A new study forthcoming in Marketing Science indicates although recreational cannabis legalization (RCL) significantly increases cannabis online search volume, the increase comes from adults only, not the younger demographic. RCL also influences the alcohol and tobacco industries asymmetrically: it reduces search volume and advertising effectiveness for alcohol, but increases those for tobacco.
“There are legitimate concerns being expressed in connection with drug abuse and whether or not people, especially young people, would use marijuana more, if it were to be legalized,” said Guiyang Xiong, assistant professor of marketing at Syracuse University’s Martin J. Whitman School of Management. “This study is meant to take a look at the asymmetric effects recreational marijuana legalization has on adults vs. the youth’s interest in cannabis.”

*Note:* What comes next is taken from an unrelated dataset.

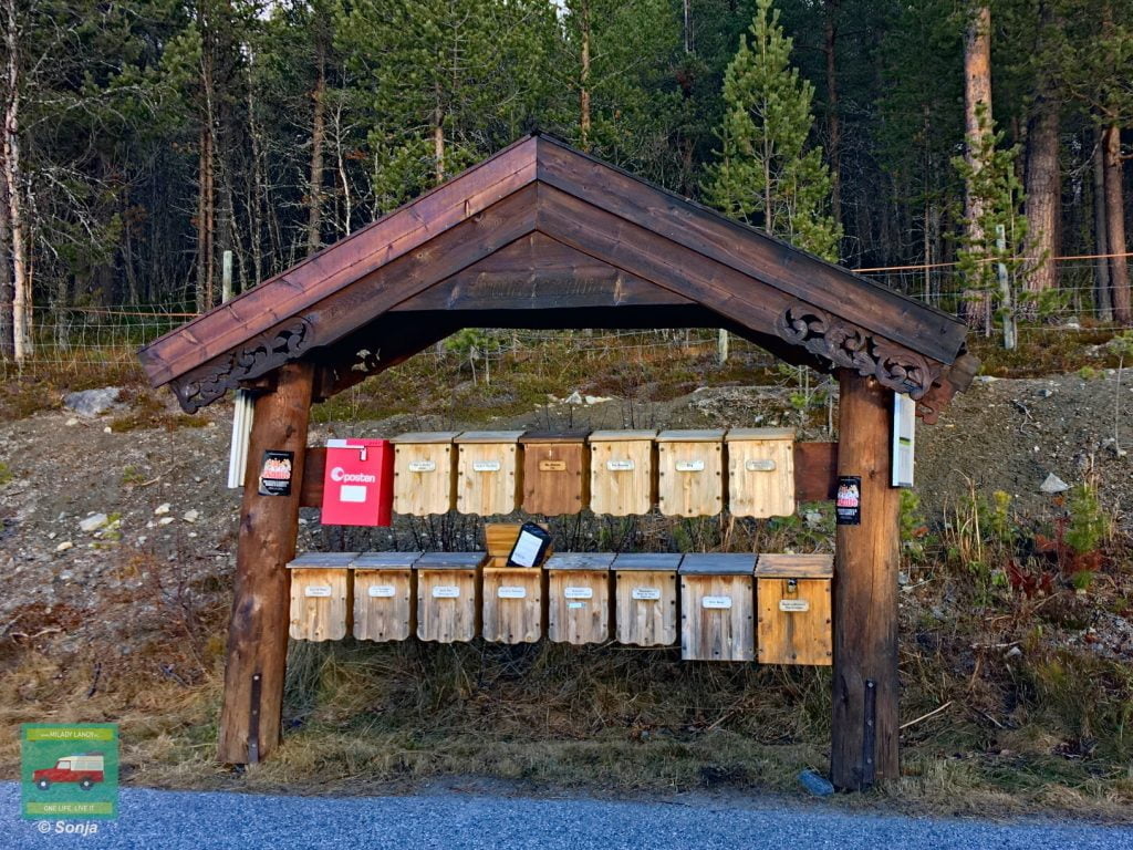 Op het platteland van Noorwegen worden de brievenbussen geclusterd, een mooi gezicht.
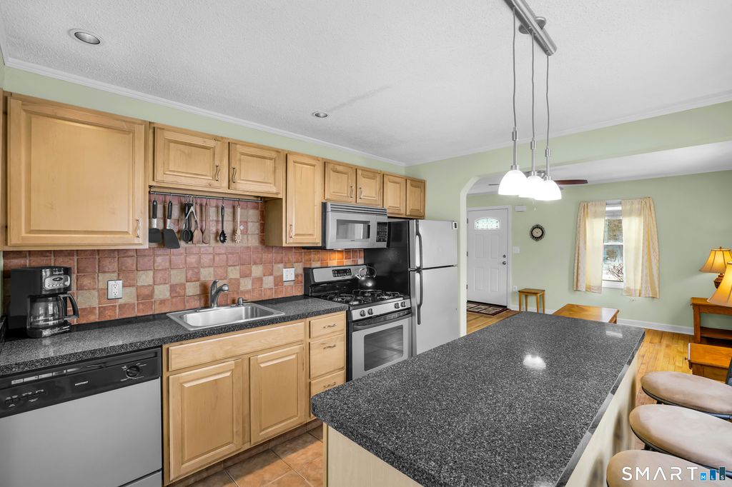 At just the right size and full of charm, 6 Norwich Lane offers easy one level living with thoughtful updates and inviting spaces throughout. This 2 bedroom, 1 bath ranch blends classic character with modern touches, creating a home that feels both comfortable and move in ready. Step inside to find hardwood floors in the living room and primary bedroom, a light filled layout, and a welcoming atmosphere that instantly feels like home. The kitchen is designed for both everyday living and entertaining, featuring granite counters, a breakfast bar, center island, dining area, and direct access through French doors to the deck, perfect for summer evenings and morning coffee. Central air keeps things comfortable year round, while natural gas heat adds efficiency. The full bath offers a tub with shower and tile flooring, and the main level laundry room provides added convenience. Downstairs, the full unfinished basement with hatchway offers excellent storage or future finishing potential. Outside, the level yard is fully fenced with privacy fencing, ideal for gatherings, pets, or simply enjoying your own outdoor space. Public water and sewer add peace of mind, and the location offers easy access to local amenities while maintaining a neighborhood feel. If you are looking for a home that is manageable, stylish, and ready for its next chapter, 6 Norwich Lane is one to see.

Interestingly enough the study finds that the increase in online cannabis search comes from adults only, but not the youth. If online search serves as a reasonable proxy for consumer interest in this context as suggested by prior research, results imply that RCL significantly increases adults’ interest in cannabis but not the youth’s, contrary to the widely held public concern over the effect of cannabis legalization on the youth.

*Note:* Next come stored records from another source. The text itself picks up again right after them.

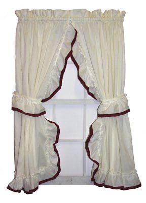 Title (ebay affiliate link): Wine Primitive Ruffled Country Curtains 72" Burgundy Trim Lucy Farmhouse Decor
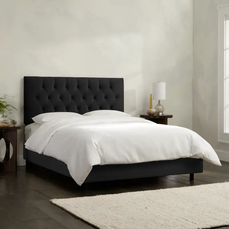 Julia Velvet Black Tufted King Upholstered Bed - Skyline Furniture
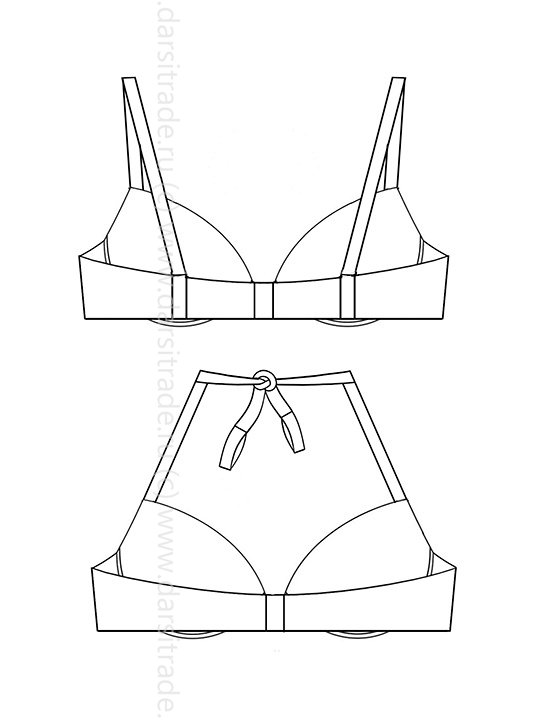 Раздельный купальник: бюстгальтер с мягкой чашкой (без вкладышей), на косточках. Нерегулируемые бретели с двойным вариантом завязывания. Застежка- завязка на спинке. Трусики-слип, высота бочков регулируется кулиской на 5-7 см (высокая и средняя посадка).
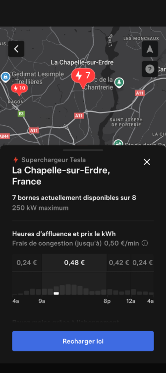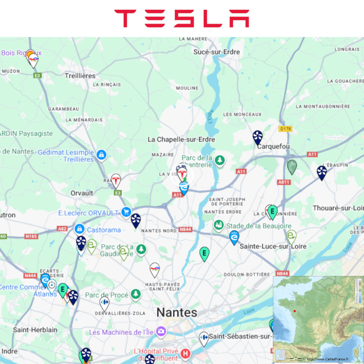 Remplacement des bornes d'une station Tesla à La Chapelle-sur-Erdre (Westotel Nantes Atlantique). Travaux terminé, les 8x250kW ont remplacé les 8x150kW Prix sans abonnement/non Tesla sur la capture Comme d'habitude, retrouvez le lien vers ma carte : https://tinyurl.com/StationsVE Toute l'actu des stations de recharge sur le groupe FB : https://tinyurl.com/GroupeFacebookVE -
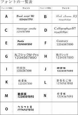 フォントは下記より選んで下さい。
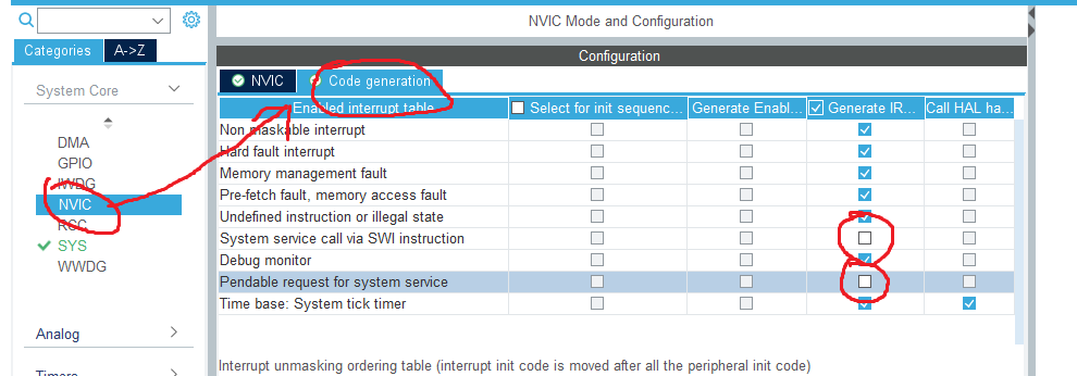 进入CubeMX,选择左侧System Core -> NVIC,然后选择中间页面左上角的Code Generator,并取消system service call via SWI instruction选项和pendable request for system service选项的复选框勾选(也就是不让CubeMX生成默认的中断处理函数)。

“There is a ‘coolness’ factor currently associated with marijuana use and the youth tend to be curious about a substance when it is illegal; however, once legalized or widely accepted, the substance loses its coolness because it is less likely to engender disapproval,” said Xiong. “Case in point, past research has shown that there is a direct correlation between stricter tobacco restrictions and youth curiosity in using tobacco products.”
The study, “Asymmetric Effects of Cannabis Legalization,” also takes a look at the threat that potential marijuana legalization is thought to pose to alcohol, as well. Marketers, policy makers and researchers are also curious about the cross-commodity relationships across cannabis, alcohol and tobacco. The literature however provides inconclusive results on whether or not cannabis and alcohol/tobacco are economic substitutes.

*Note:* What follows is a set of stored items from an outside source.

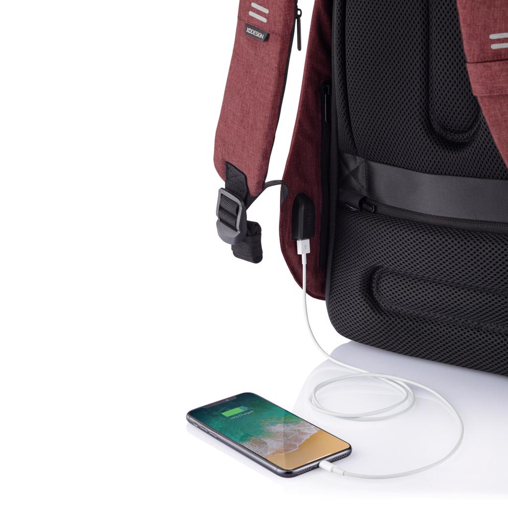 Die Bobby Hero-Linie repräsentiert eine neue Ära der Anti-Diebstahl-Rucksäcke und bietet Sicherheit, Komfort und Organisation für Ihre täglichen Reisen. Schnittfester Schutz, diskrete Reißverschlüsse und verdeckte Taschen sorgen für die Sicherheit Ihrer Habseligkeiten auf dem Weg zum Arbeitsplatz. Der Bobby Hero Regular ist mit einem integrierten USB-Ladeanschluss, wasserabweisendem Material, leuchtenden Sicherheitsstreifen und einem Gepäckgurt für zusätzlichen Komfort ausgestattet. Die gepolsterten Fächer im Inneren bieten Platz für einen 15,6"-Laptop und ein Tablet bis zu 12,9". Hergestellt aus rPET mit dem AWARE™-Tracer, der die Verwendung von echtem Recycling-Gewebe garantiert. 29% recycelter Inhalt. Registered Design®
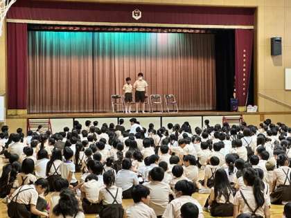 なかよし集会の後は、児童会からお知らせがありました。広島の平和公園に千羽鶴をお供えするために、みんなに鶴をおってほしいということでした。そのための集会もあるそうです。それぞれの委員会が素晴らしい活躍をしていました。
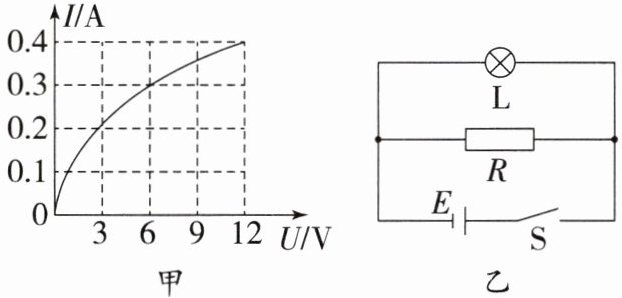 9. 如图甲所示是通过灯泡$L$的电流跟其两端电压关系的图像. 现将$L与阻值为10Ω的电阻R$连入图乙所示电路. 闭合开关$S$,$L的实际功率为1.8W$. 则电源电压是
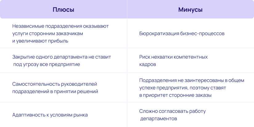 Таким образом, можно заключить, что в современных условиях недостатки структуры перевешивают ее достоинства.
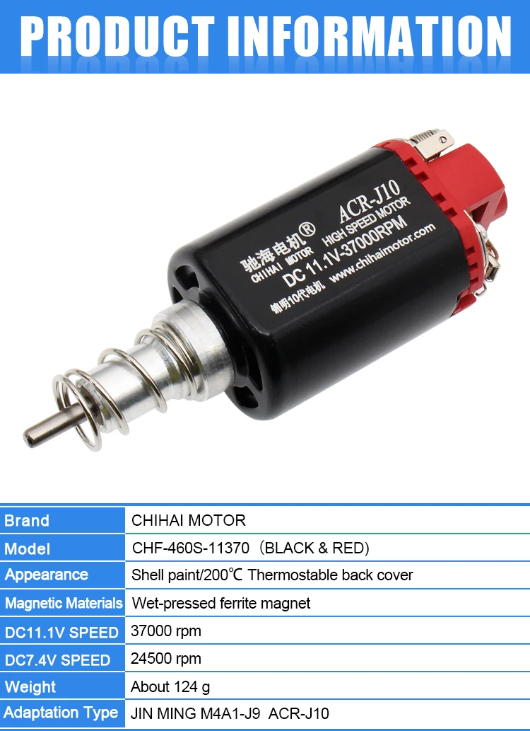 Product Type: | CHIHAI MOTOR CHF-460S-11370 long shaft 460 Long Axis Motor 11.v- Without Motor Gear for JM Gen.10 ACR/JM Gen.9 Water Gel Beads Blaster Modification Upgrade | ||||||

An examination of large-scale, web-based behavioral data and found that although RCL significantly influences alcohol and tobacco industries asymmetrically, it reduces search volume and advertising effectiveness for alcohol, while increasing those for tobacco.
“These results indicate a substituting relationship between cannabis and alcohol, but a complementing relationship between cannabis and tobacco,” said Xiong.
According to Xiong, marketers of other recreational substances are paying close attention to cannabis policy changes. The alcohol industry has valid reasons to be concerned about legal cannabis and may need proactive creative strategies to avoid market decline, if recreational marijuana legalization passes nationwide.